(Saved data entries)

<<<<

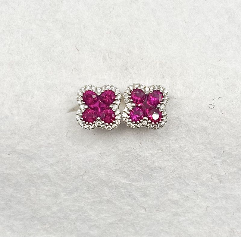 Ruby & diamond alhambra stud earrings by Fred Ullmann. Total ruby weight approx 0.80ct. Total diamond weight approx 0.28ct. Colour F-G-H, clarity VS-SI assessed. 18ct gold. New replacement price £2,000.
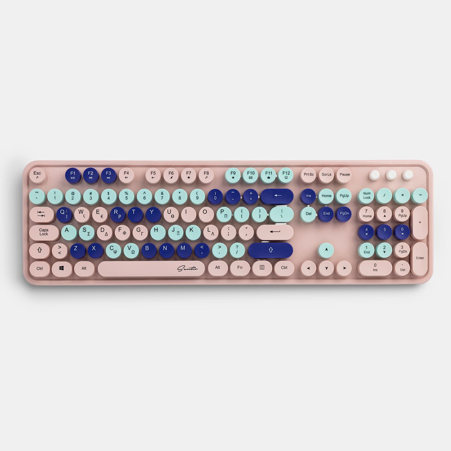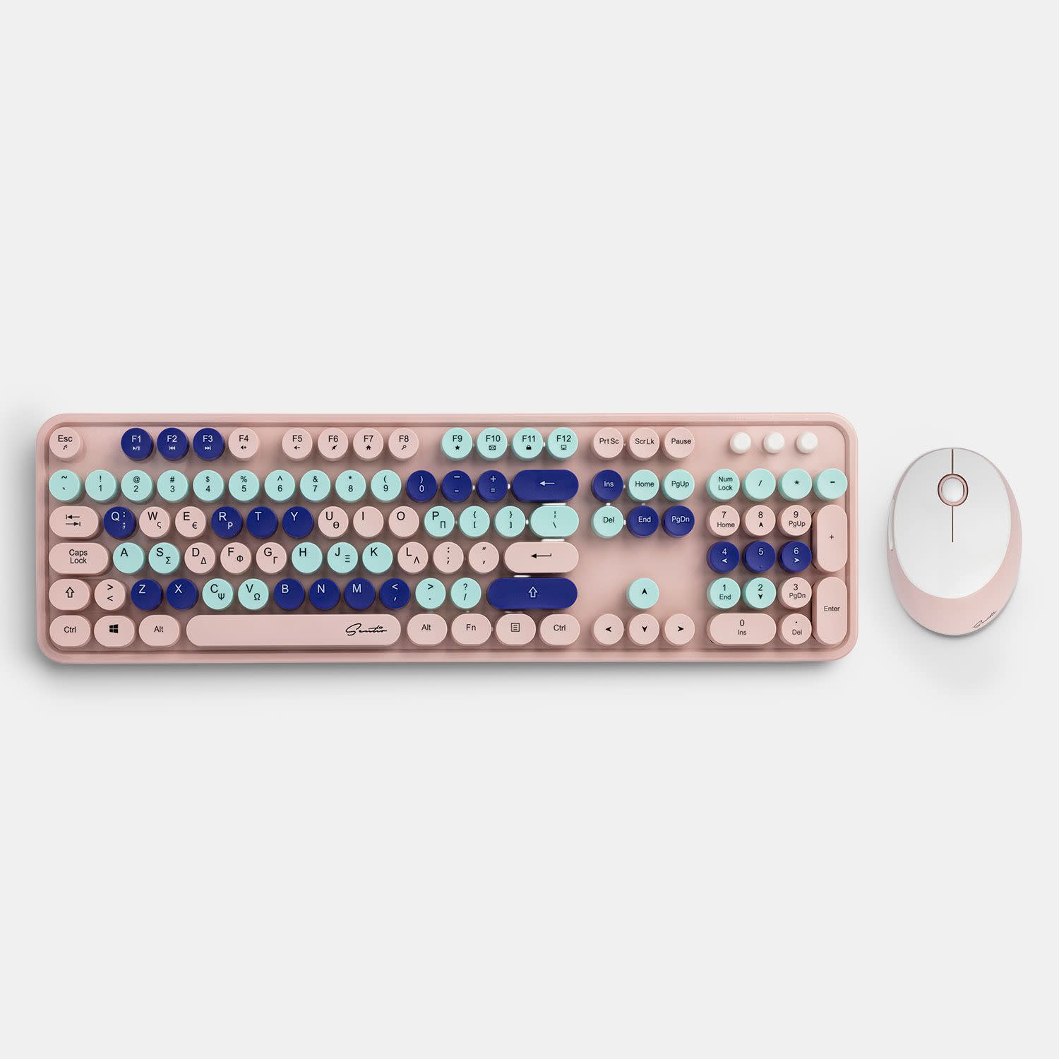 Retro set πληκτρολόγιο & ασύρματο ποντίκι από τη Sentio σε combo ροζ χρώμα, για να δώσεις μια vintage αισθητική στο γραφείο σου. Με τόσο fun εξοπλισμό, τα καθημερινά tasks θα γίνουν διασκέδαση!
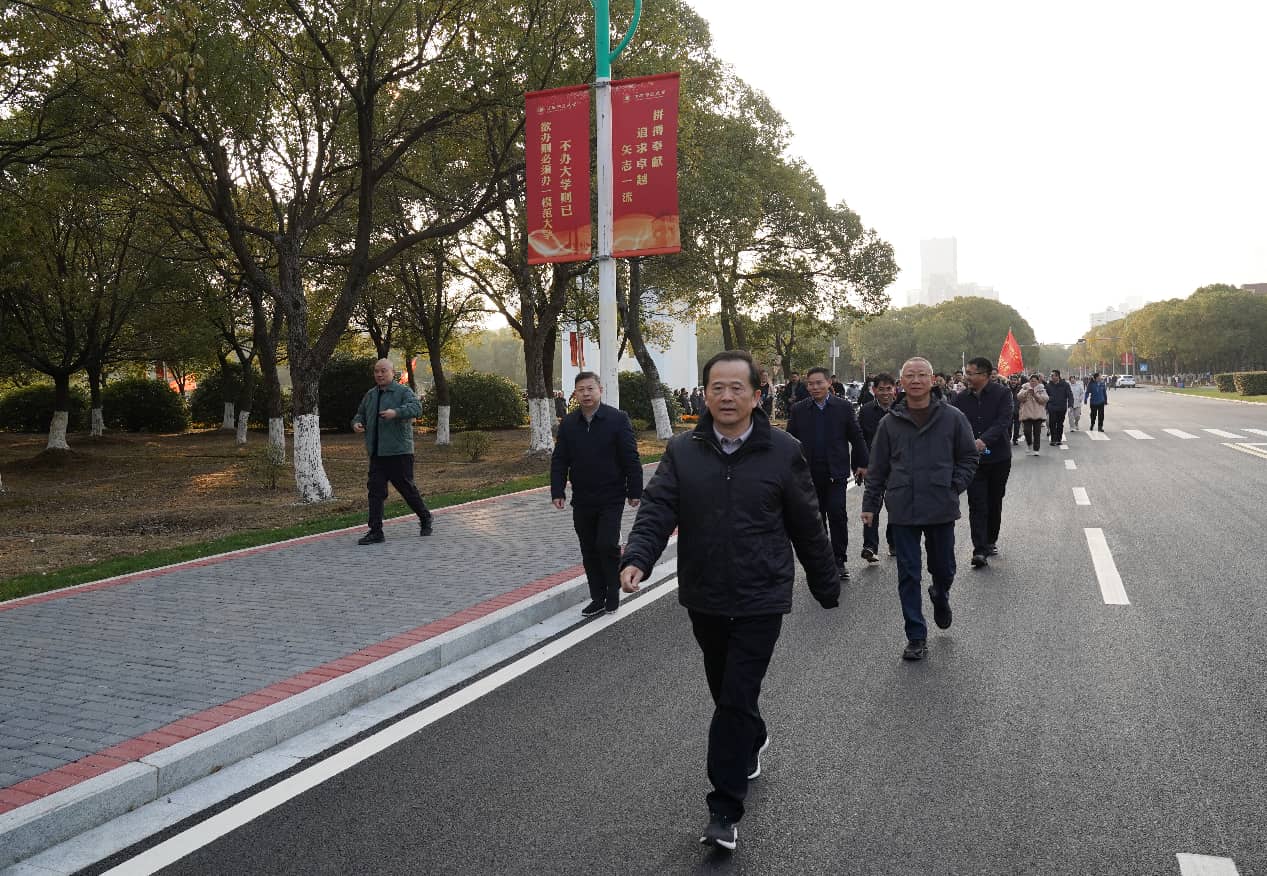 春风健步,岁启新元。1月6日下午,学校举办2026年“迎新年”教职工健步走活动。校党委书记朱小理在正大坊前扣响发令枪,宣布健步走活动开始。在校党政班子成员舒平贵、刘利民、杨卫军、王一喜,各部门各学院教职工参加。
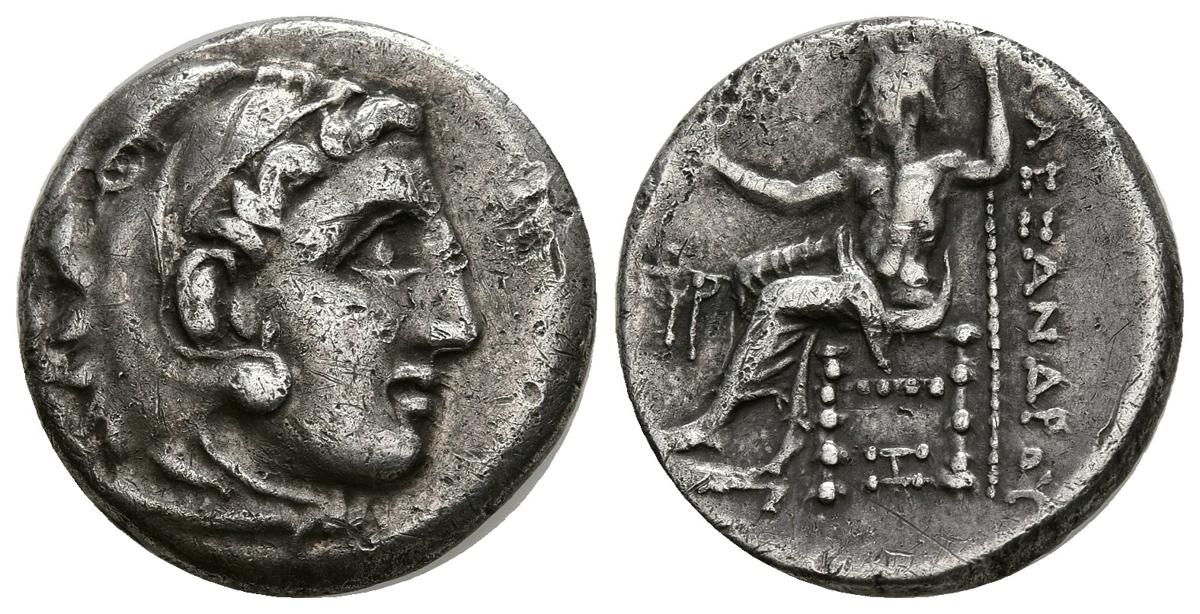 REYES DE MACEDONIA, Alejandro III el Grande. Dracma. (Ar. 4,04g/17mm). 310-301 a.C. Colofón. (Price 1534). Anv: Cabeza de Hércules a derecha con piel de león. Rev: Zeus sentado a izquierda portando cetro y águila, bajo trono H tumbada, delante monograma griego, detrás leyenda griega. MBC.
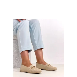 Elegantní mokasíny s zlatým ozdobením vpředu jsou skvělou kombinací pohodlí a jemné elegance. Vyrobené z vysoce kvalitní látky, působí lehce a moderně a zároveň poskytují pohodlí při každodenním nošení. Model má kulatou špičku, která zaručuje pohodlí a přirozené postavení prstů. Nízký svršek z nich činí univerzální boty, které skvěle ladí jak s casualovými stylizacemi, tak s elegantnějšími sestavy. Podpatek výšky 2 cm jemně zdvihne postavu, poskytující stabilitu a pohodlí po celý den. Zasouvací konstrukce umožňuje rychlé a bezproblémové obouvání. Stélka z látky zvyšuje pohodlí nošení a podporuje správnou cirkulaci vzduchu. Je to ideální volba pro ženy, které ocení klasický střih obohacený módním, zlatým detail.
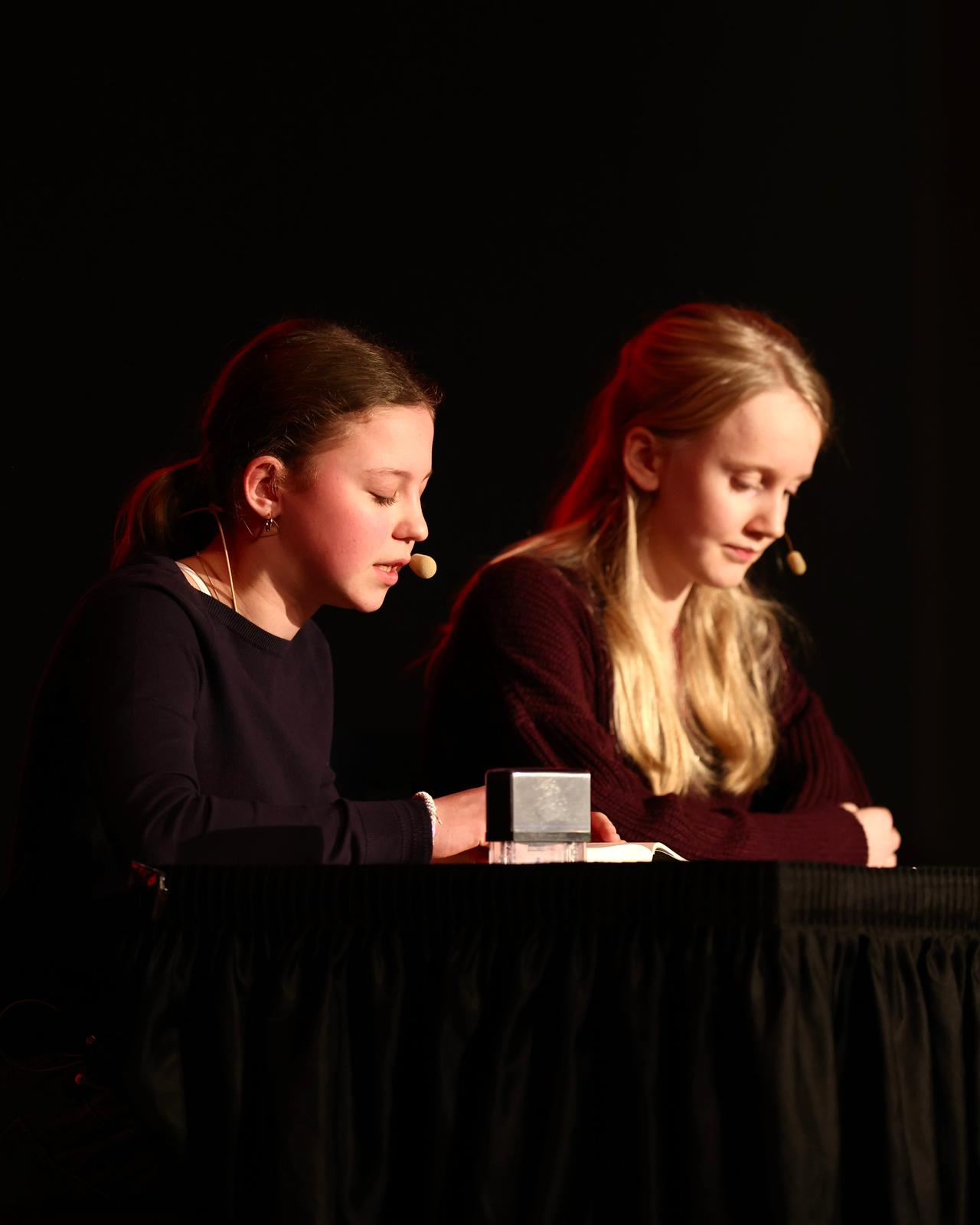 Wie bitter diese Ironie für Weinberg gewesen sein muss, zeigte sich auch in der folgenden Lesung: Lale Trieschmann (Jg. 7) schilderte, wie der dreizehnjährige Albrecht die Schrecken der Reichspogromnacht erlebte. Diesem bis dahin schlimmsten Tag seines Lebens folgte eine jahrelange Leidenszeit, die schließlich in der Deportation nach Auschwitz mündete. Sein Bruder Dieter wurde ebenfalls verschleppt – ohne ihn hätte Albrecht das Grauen nicht überlebt, wie im letzten Teil der Biografie deutlich wurde, vorgetragen von Deike Miege (Jg. 12).
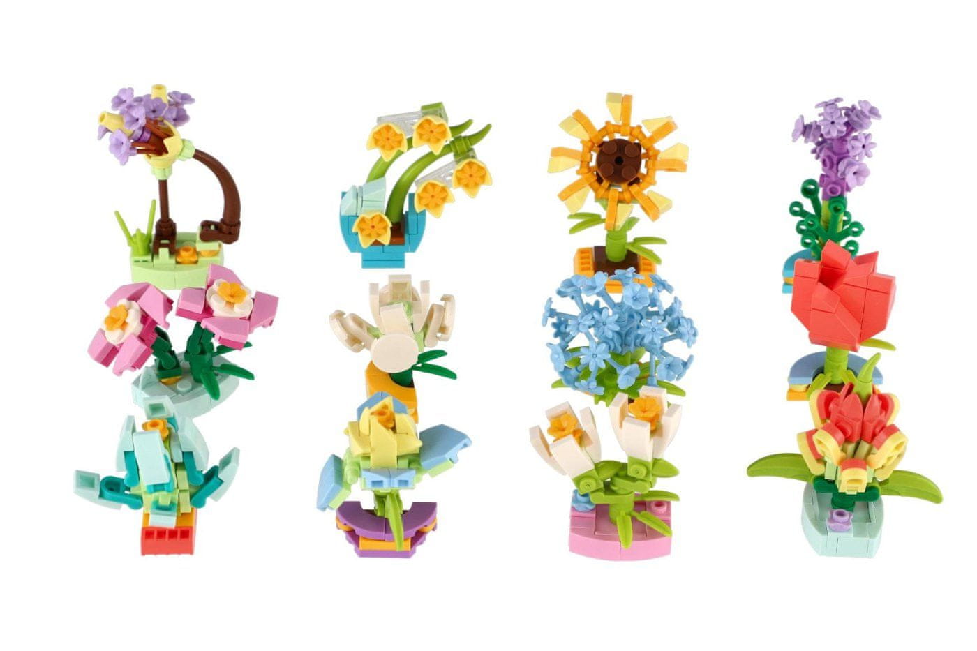 Set omogoča otrokom, da iz plastičnih delov sestavijo različne vrste rož. Vsaka roža je sestavljena iz več delov, priloženo je slikovno navodilo. Zaradi mešanice različnih vrst rož lahko otroci ustvarijo barvite in edinstvene cvetlične kombinacije. Komplet je odličen za razvijanje otroške domišljije in spretnosti, lahko pa se uporabi tudi kot darilo za male ustvarjalce. Velikost izdelka je 6 cm. Primerno za otroke od 3. leta starosti.
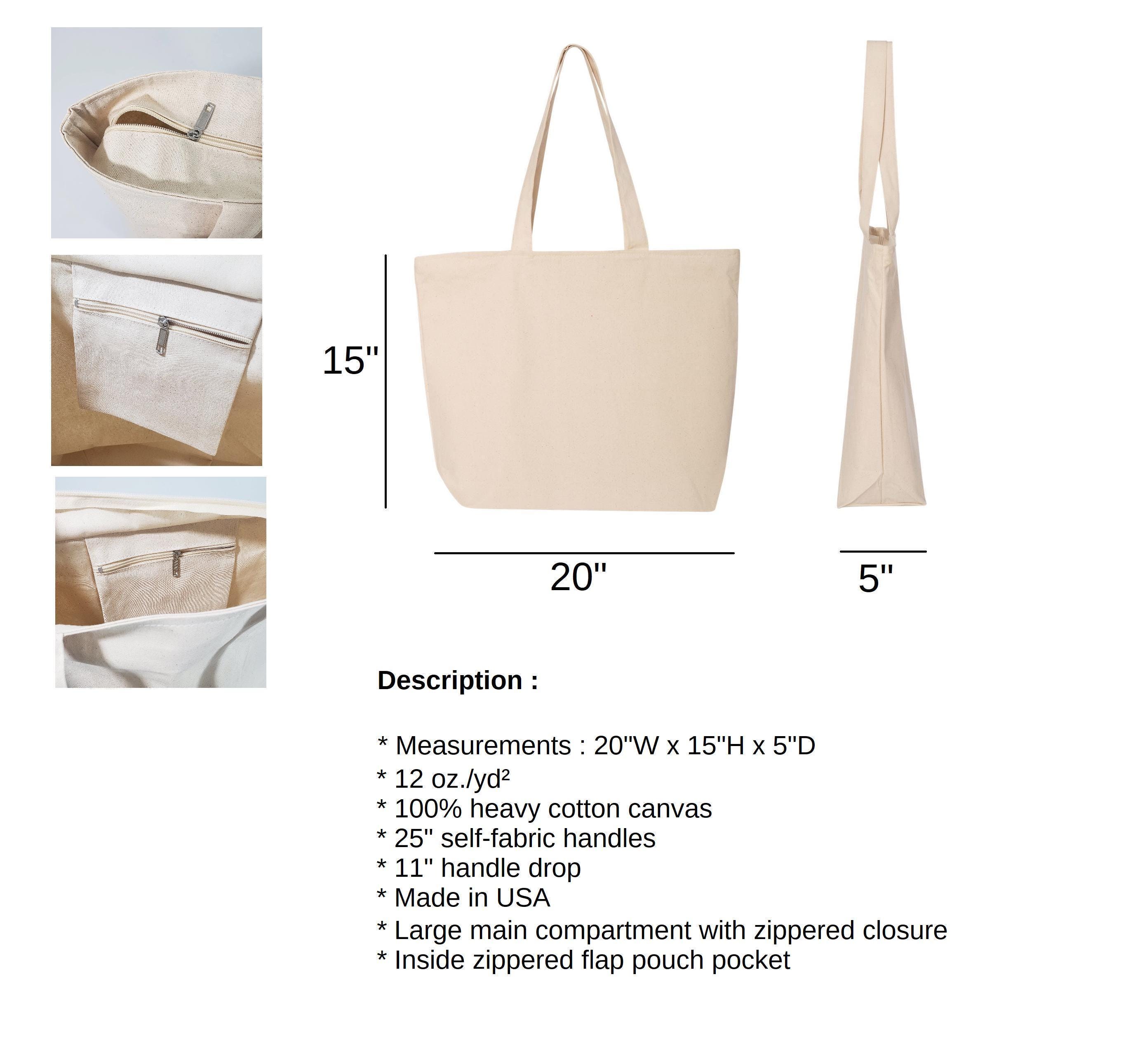 25L Tote Bag Measurements - 20"L x 15"H x 5"D
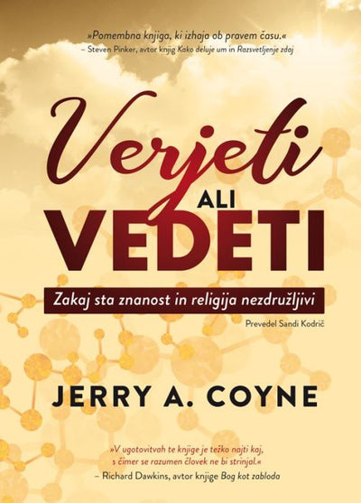 Verjeti ali vedeti je domišljeno in eruditsko izpisano humanistično delo ameriškega evolucijskega biologa Jerryja A. Coyna. V njem profesor ekologije in evolucije na Univerzi v Chicagu, avtor številnih znanstvenih člankov in treh knjig, večplastno primerja temeljne pristope različnih religij in znanosti k razlaganju stvarnosti. Z doumljivo in strokovno utemeljeno analizo v knjigi razvija svojo osnovno tezo in pojasnjuje, zakaj je povezovanje ali celo združevanje znanosti in religije obsojeno na neuspeh.
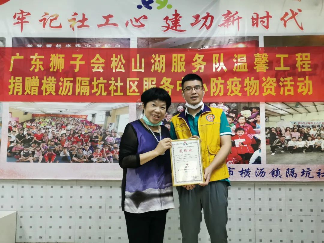 疫情之下,东莞社工作为社区专业力量之一,每天投身到入户探访、卡点执勤、宣传普查、困难人群关怀照料等各项社区服务,在连续100多天的战“疫”一线上,为筑牢社区防线贡献了自己最大的力量。 为助力社区共同夺取疫情防控阻击战的最终胜利,2020年4月26日上午,广东狮子会松山湖服务队在大会主席刘乐浩的带领下来到横沥镇隔坑社区服务中心(下文简称“隔坑社工”)“温馨工程”工作站,为隔坑社工带来免洗洗手液100支、喷雾酒精200支、洗手液12支、84消毒液6瓶 、医用口罩1000个等一批防疫物资。东莞代表处第八分区主席宋玲、松山湖服务队现任队长李春花等10多名会员、爱心人士参与了本次服务。 松山湖服务队向隔坑社工捐赠防疫物资,本次是疫情期间松山湖服务队针对隔坑社工开展的第二次捐赠活动 本次是松山湖服务队第二次向隔坑社工捐赠防疫物资(第一次抗疫物资捐赠活动详情:助力东莞社工 情暖战“疫”一线)。活动中,横沥镇隔坑社区服务中心总干事谭翠莲向大家介绍了服务中心的主要项目以及防疫工作。刘乐浩狮兄表示:“感谢隔坑社工在疫情期间坚守一线岗位,持续关注、服务社区中的弱势群体!” 隔坑社区服务中心总干事谭翠莲为松山湖服务队赠送感谢状 下一步,松山湖服务队将继续支持隔坑社工,关注当地服务对象需求情况,为当地服务对象提供合适的服务,共同为社区居民构筑社会支持网络,通过“狮子会+社工”的结合,让社会服务更有温度!
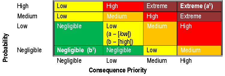The failure mode is adjusted two positions to the right on the Consequence Priority axis and two positions up on the Probability axis, resulting in an adjusted risk matrix value of Extreme (represented by a1 in the following diagram).Risk Plot Chart
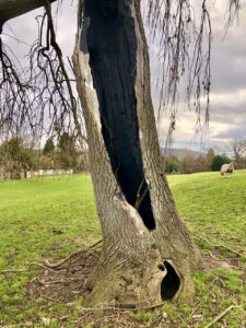 So, this noble specimen might have been strategically placed to enhance the view from Ayton Hall. It looks pretty lively, but surprise, surprise, its trunk is hollow, scorched by a score of fires. What’s the outlook for its future, you ask? Well, it’s under siege from the air by ‘Chalara fraxinea,’ the Ash dieback disease, and from within by the flames. Not good, I’d say.
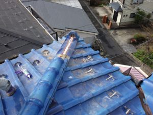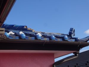 先日の台風で、棟の瓦が崩れて落下したため部分的な修理を行っています。

>>>>

Instructions to follow – Leaving aside the images, write out the entries above word for word.

Written answer –
 Ruby & diamond alhambra stud earrings by Fred Ullmann. Total ruby weight approx 0.80ct. Total diamond weight approx 0.28ct. Colour F-G-H, clarity VS-SI assessed. 18ct gold. New replacement price £2,000.
 Retro set πληκτρολόγιο & ασύρματο ποντίκι από τη Sentio σε combo ροζ χρώμα, για να δώσεις μια vintage αισθητική στο γραφείο σου. Με τόσο fun εξοπλισμό, τα καθημερινά tasks θα γίνουν διασκέδαση!
 春风健步,岁启新元。1月6日下午,学校举办2026年“迎新年”教职工健步走活动。校党委书记朱小理在正大坊前扣响发令枪,宣布健步走活动开始。在校党政班子成员舒平贵、刘利民、杨卫军、王一喜,各部门各学院教职工参加。
 REYES DE MACEDONIA, Alejandro III el Grande. Dracma. (Ar. 4,04g/17mm). 310-301 a.C. Colofón. (Price 1534). Anv: Cabeza de Hércules a derecha con piel de león. Rev: Zeus sentado a izquierda portando cetro y águila, bajo trono H tumbada, delante monograma griego, detrás leyenda griega. MBC.
 Elegantní mokasíny s zlatým ozdobením vpředu jsou skvělou kombinací pohodlí a jemné elegance. Vyrobené z vysoce kvalitní látky, působí lehce a moderně a zároveň poskytují pohodlí při každodenním nošení. Model má kulatou špičku, která zaručuje pohodlí a přirozené postavení prstů. Nízký svršek z nich činí univerzální boty, které skvěle ladí jak s casualovými stylizacemi, tak s elegantnějšími sestavy. Podpatek výšky 2 cm jemně zdvihne postavu, poskytující stabilitu a pohodlí po celý den. Zasouvací konstrukce umožňuje rychlé a bezproblémové obouvání. Stélka z látky zvyšuje pohodlí nošení a podporuje správnou cirkulaci vzduchu. Je to ideální volba pro ženy, které ocení klasický střih obohacený módním, zlatým detail.
 Wie bitter diese Ironie für Weinberg gewesen sein muss, zeigte sich auch in der folgenden Lesung: Lale Trieschmann (Jg. 7) schilderte, wie der dreizehnjährige Albrecht die Schrecken der Reichspogromnacht erlebte. Diesem bis dahin schlimmsten Tag seines Lebens folgte eine jahrelange Leidenszeit, die schließlich in der Deportation nach Auschwitz mündete. Sein Bruder Dieter wurde ebenfalls verschleppt – ohne ihn hätte Albrecht das Grauen nicht überlebt, wie im letzten Teil der Biografie deutlich wurde, vorgetragen von Deike Miege (Jg. 12).
 Set omogoča otrokom, da iz plastičnih delov sestavijo različne vrste rož. Vsaka roža je sestavljena iz več delov, priloženo je slikovno navodilo. Zaradi mešanice različnih vrst rož lahko otroci ustvarijo barvite in edinstvene cvetlične kombinacije. Komplet je odličen za razvijanje otroške domišljije in spretnosti, lahko pa se uporabi tudi kot darilo za male ustvarjalce. Velikost izdelka je 6 cm. Primerno za otroke od 3. leta starosti.
 25L Tote Bag Measurements - 20"L x 15"H x 5"D
 Verjeti ali vedeti je domišljeno in eruditsko izpisano humanistično delo ameriškega evolucijskega biologa Jerryja A. Coyna. V njem profesor ekologije in evolucije na Univerzi v Chicagu, avtor številnih znanstvenih člankov in treh knjig, večplastno primerja temeljne pristope različnih religij in znanosti k razlaganju stvarnosti. Z doumljivo in strokovno utemeljeno analizo v knjigi razvija svojo osnovno tezo in pojasnjuje, zakaj je povezovanje ali celo združevanje znanosti in religije obsojeno na neuspeh.
 疫情之下,东莞社工作为社区专业力量之一,每天投身到入户探访、卡点执勤、宣传普查、困难人群关怀照料等各项社区服务,在连续100多天的战“疫”一线上,为筑牢社区防线贡献了自己最大的力量。 为助力社区共同夺取疫情防控阻击战的最终胜利,2020年4月26日上午,广东狮子会松山湖服务队在大会主席刘乐浩的带领下来到横沥镇隔坑社区服务中心(下文简称“隔坑社工”)“温馨工程”工作站,为隔坑社工带来免洗洗手液100支、喷雾酒精200支、洗手液12支、84消毒液6瓶 、医用口罩1000个等一批防疫物资。东莞代表处第八分区主席宋玲、松山湖服务队现任队长李春花等10多名会员、爱心人士参与了本次服务。 松山湖服务队向隔坑社工捐赠防疫物资,本次是疫情期间松山湖服务队针对隔坑社工开展的第二次捐赠活动 本次是松山湖服务队第二次向隔坑社工捐赠防疫物资(第一次抗疫物资捐赠活动详情:助力东莞社工 情暖战“疫”一线)。活动中,横沥镇隔坑社区服务中心总干事谭翠莲向大家介绍了服务中心的主要项目以及防疫工作。刘乐浩狮兄表示:“感谢隔坑社工在疫情期间坚守一线岗位,持续关注、服务社区中的弱势群体!” 隔坑社区服务中心总干事谭翠莲为松山湖服务队赠送感谢状 下一步,松山湖服务队将继续支持隔坑社工,关注当地服务对象需求情况,为当地服务对象提供合适的服务,共同为社区居民构筑社会支持网络,通过“狮子会+社工”的结合,让社会服务更有温度!
The failure mode is adjusted two positions to the right on the Consequence Priority axis and two positions up on the Probability axis, resulting in an adjusted risk matrix value of Extreme (represented by a1 in the following diagram).Risk Plot Chart
 So, this noble specimen might have been strategically placed to enhance the view from Ayton Hall. It looks pretty lively, but surprise, surprise, its trunk is hollow, scorched by a score of fires. What’s the outlook for its future, you ask? Well, it’s under siege from the air by ‘Chalara fraxinea,’ the Ash dieback disease, and from within by the flames. Not good, I’d say.
 先日の台風で、棟の瓦が崩れて落下したため部分的な修理を行っています。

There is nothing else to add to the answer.